Like a virgin, I saw Dead Man Walking at the San Francisco Opera for the very first time last Saturday. I never read the 1993 bestselling memoir by Sister Helen Prejean detailing her work with Louisiana death row convicts, nor the Oscar-winning 1995 film with Susan Sarandon and Sean Penn, nor the 2002 play written by actor/director Tim Robbins, nor any production of the 2000 opera composed by Jake Heggie to a libretto by playwright Terrence McNally. (Click here for an interesting essay by Heggie about their collaboration.)
The work was commissioned by the San Francisco Opera under General Director Lotfi Mansouri who loved turning his favorite movies into operas, for instance A Streetcar Named Desire and Dangerous Liaisons. This season's return is a triumphant homecoming after its San Francisco Opera premiere 25 years ago and innumerable productions around the world. The current production is a flashy, Broadway-style staging with lots of scenery flying in and out by director Leonard Foglia that has been touring the country for years. Unfortunately, I didn't care for the opera at all. (All production photos by Cory Weaver.)
The problem certainly was not the singers, because there was luxury casting throughout, starting with mezzo-soprano Jamie Barton as Sister Helen. Barton currently has one of the richest voices in the operatic world and it's a pleasure to hear her sing just about anything, but Heggie's vocal lines were so dull that her gifts felt wasted.
The divine mezzo-soprano Susan Graham performed Sister Helen at the 2000 premiere, and she returned to play the mother of the convicted murderer, a role originated for another legendary mezzo-soprano, Frederica von Stade. She was ably supported by Nikola Printz, Caroline Corrales, Samuel White, and the great veteran baritone Rod Gilfrey as the grieving parents advocating vengeful justice.

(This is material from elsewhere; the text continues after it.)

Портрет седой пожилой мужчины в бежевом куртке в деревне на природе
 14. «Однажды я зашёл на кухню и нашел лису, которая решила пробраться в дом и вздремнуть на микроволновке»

Gilfrey also appeared in last year's SF Opera co-commission, Kaija Saariaho's Innocence, which dealt with a community destroyed by a school shooting. Dead Man Walking's libretto is filled with out-of-place Broadway humor, platitudes about grief, and moral transcendence cliches while Saariaho's masterpiece was filled with nuance, ambiguity, and genuine power. Innocence also had an amazing, interesting musical score while Heggie's music sounds like background for an old-fashioned movie, except for the prison choruses which sound like they were lifted directly from Benjamin Britten's Billy Budd.
The convicted rapist/murderer Joe De Rocher, sung beautifully by baritone Ryan McKinny, is a fictional composite of two death row prisoners that Sister Helen wrote about (the same is true of the film). He's written as a weak, manipulative man drowning in lies who needs Sister Helen's spiritual advice in order to face the truth and take responsibility for his misdeeds.

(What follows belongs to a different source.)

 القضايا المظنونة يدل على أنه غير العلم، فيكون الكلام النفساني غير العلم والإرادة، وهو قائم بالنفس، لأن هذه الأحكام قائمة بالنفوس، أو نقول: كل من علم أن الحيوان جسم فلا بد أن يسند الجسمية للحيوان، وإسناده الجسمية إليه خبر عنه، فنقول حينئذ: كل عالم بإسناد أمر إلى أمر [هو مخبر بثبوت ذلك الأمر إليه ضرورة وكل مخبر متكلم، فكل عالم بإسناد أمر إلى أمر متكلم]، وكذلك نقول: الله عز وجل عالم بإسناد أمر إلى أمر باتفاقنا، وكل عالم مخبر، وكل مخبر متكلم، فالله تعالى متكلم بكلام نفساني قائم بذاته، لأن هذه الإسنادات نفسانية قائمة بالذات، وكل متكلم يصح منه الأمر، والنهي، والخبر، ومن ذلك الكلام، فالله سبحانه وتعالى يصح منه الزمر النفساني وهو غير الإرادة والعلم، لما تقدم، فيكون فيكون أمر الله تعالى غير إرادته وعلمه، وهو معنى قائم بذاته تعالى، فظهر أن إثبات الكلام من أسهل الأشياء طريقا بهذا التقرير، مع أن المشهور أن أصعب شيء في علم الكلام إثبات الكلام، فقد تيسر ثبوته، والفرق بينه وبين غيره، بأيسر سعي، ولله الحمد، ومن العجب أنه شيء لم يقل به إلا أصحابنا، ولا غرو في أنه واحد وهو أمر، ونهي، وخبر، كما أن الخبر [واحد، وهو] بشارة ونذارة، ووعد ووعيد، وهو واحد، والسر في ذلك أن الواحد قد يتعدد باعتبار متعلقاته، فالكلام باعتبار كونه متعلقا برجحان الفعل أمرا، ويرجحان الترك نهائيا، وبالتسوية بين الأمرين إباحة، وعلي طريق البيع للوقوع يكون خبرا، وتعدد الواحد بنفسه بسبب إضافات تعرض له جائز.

This role has become something of a homoerotic barihunk showcase, since the singer spends most of the opera in a tank top and underwear, which feels a little jarring. So does the nudity of the two teenagers who are raped and murdered in the opening prologue of the opera, which felt gratuitously shocking. This is the third time I have seen a naked man onstage in a Terrence McNally play (after The Lisbon Traviata and Love! Valour! Compassion!), and it has always come across as prurient rather than theatrically relevant.
The final scenes have De Rocher finally telling the truth to Sister Helen Prejean, apologizing to the grieving parents of his victims, and ends with an interminable scene where he is given a lethal injection by a supernumerary. Sister Helen Prejean has changed much public sentiment and official Catholic attitudes over the last three decades towards capital punishment, and more power to her. I'm sorry that I didn't like this paean to her work better.

1 comment:

Christine Okon said...

The prisoners chanting also reminded me of Billy Budd.